Damn, that’s just so sad. :(
Ramon took with him a bunch of things, including a picture drawn by a 14-yeat-old who died at Auschwitz.
A BBC story from a couple of days ago:
http://news.bbc.co.uk/2/hi/middle_east/2664247.stm
Dammit, it just gets sadder.
Any news as to where the main ‘comet’ is now? Or did it completely burn out?
Horrible…
Judging from the video footage, and the reports on what the crew went through after the Challenger explosion, I wish I could agree with you, but I can’t.
The Columbia’s first landing at Edwards. April 14, 1981.
I remember watching this landing in utter amazement. I don’t think I’ve ever witnessed anything that has held me in such awe in my entire 46 years on this earth. Tiny fighter jets flying by her side as she glided in to finally touchdown softly on the hard desert floor. It was perfect and she was beautiful. I was floating for weeks after that, feeling anything was possible.
God, this make me so sad. Those people.
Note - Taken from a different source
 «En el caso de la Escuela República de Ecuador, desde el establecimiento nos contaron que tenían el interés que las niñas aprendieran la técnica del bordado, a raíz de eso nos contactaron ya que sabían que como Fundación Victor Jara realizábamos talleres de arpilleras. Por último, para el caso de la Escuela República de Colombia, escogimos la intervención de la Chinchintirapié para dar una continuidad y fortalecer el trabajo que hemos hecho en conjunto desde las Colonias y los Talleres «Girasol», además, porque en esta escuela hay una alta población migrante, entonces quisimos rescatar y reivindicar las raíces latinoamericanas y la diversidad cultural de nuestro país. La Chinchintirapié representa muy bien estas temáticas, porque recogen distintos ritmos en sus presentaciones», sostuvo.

Christ.
CNN a few minutes ago was also conjecturing on the possibility of survivors, but at 12,500 mph there would be no chance.
not again…
not again.
Sadly, this is true.
I am not inclined to favor terrorists as an explanation.
Given the speed and altitude, WE would have trouble shooting down a Space Shuttle, without the use of interceptor aircraft. I refuse to believe that a gaggle of Arabs out in the Texas scrubland with a black market SAM setup could manage it.
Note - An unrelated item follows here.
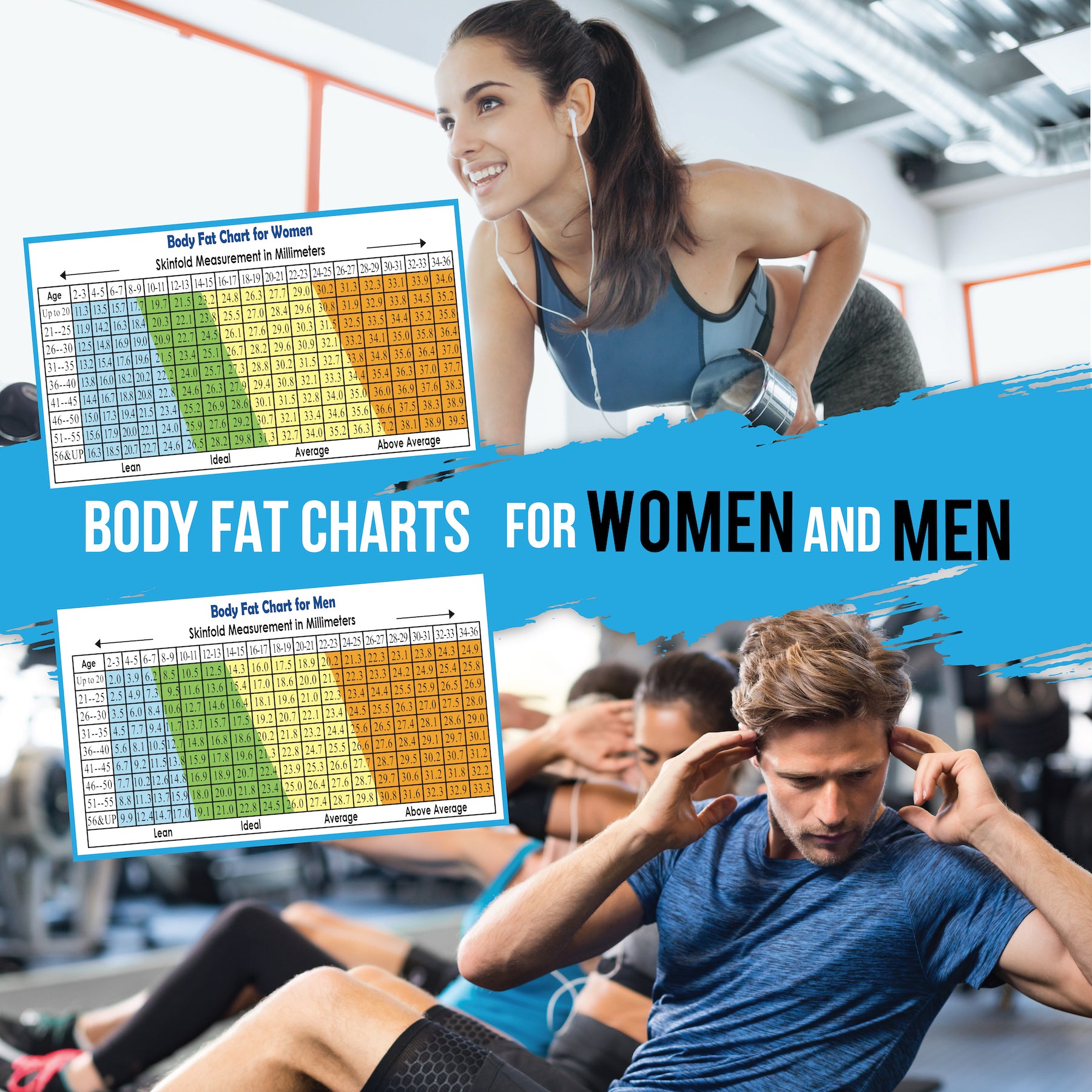- Plain to See! Based on your skinfold thickness and age, the included body fat charts for men and women will show your fat percentage. The charts will also indicate where you stand in the lean-ample body spectrum.

I am reluctant to consider sabotage. If an American astronaut could be a Muslim fundamentalist wacko without his NASA handlers realizing it… then ANYONE could be, and we’re all doomed.
Nope. Can’t buy that.
My brother woke me up at the beginning of the hour (9:0something…) and told me, “the shuttle just blew up and we’re about to bomb Iraq.” I goes to the game room to turn on a TV, and for once he’s not BSing me. Turns out what he meant by the second part was the deadline to bomb Iraq has/is about to run out. But still, the shuttle blew up. Over freakin’ Texas. A lotta people stop by Texas to die, it seems.
Brutus: Aye, I’ve since heard (on CNN) about the hydrazine, and a description thereof. It’s the radioactive bit that puzzled and alarmed me. Of course, she heard it on FOX news, and I’m given to understand they’re, oh, less than 100% accurate, at any given time.
Of course, it is possible. I was just wondering if she might have misheard or misunderstood.
[sub]I’d like “whom it may concern” to know this is not the way I like to wake up after a whopping two hours of sleep, thank you. We’re thinking of all those friends and family members right now… damn.[/sub]
Odd coincidence. Once of my first thoughts was to the voice-over of transmissions from Columbia at the end of Countdown.
I don’t know if I shall ever be able to listen to that song again.
I’d be pretty f*cking amazed if it was a terroist target.:dubious:
couple of things, that’s i’ve had up for me, so to cleared some stuff up…
there’s no way that a surface to air missile hit it… a sam has a range of 10-15,000 feet. the flight was flying at 207,000 feet and mach 6(six times the speed of sound). if, god forbid, this was terrorist related(which i would bet the mortgage it’s not), the bomb would have to be onboard, which with the kind of security that surrounded this flight, wasn’t going to happen. my money is that the plane just flew apart… it’s a tragedy, but not terrorism
also, skeezix, you’re spot on in regards to hydrazine. it’s not radioactive, however if inhaled, if it covers a single membrane in one’s lungs, you will suffocate and die within 48 hours… that’s why they’re telling people not to go near it. it’s not a scare tactic…
time to break out the rosary.
I’m not in complete shock. I’m not mourning. I’m overall… empty. I’m a little shaken, and impatient. That’s it.
Coldfire can damn me vehemently to hell all he wants, but that’s how I fell.
Just heard the news. This is so sad. My thoughts are with the family of the astronauts
I just saw this on the news. I feel just sick about it. I was sixteen when the Challenger exploded, and I’m thinking the same thing now that I was then: I hope this isn’t it for the space program.
My grandmother said that something has fallen in her yard. She’s south of DFW.
If you can’t say something nice, don’t post at all.
Have some heart, for crying out loud.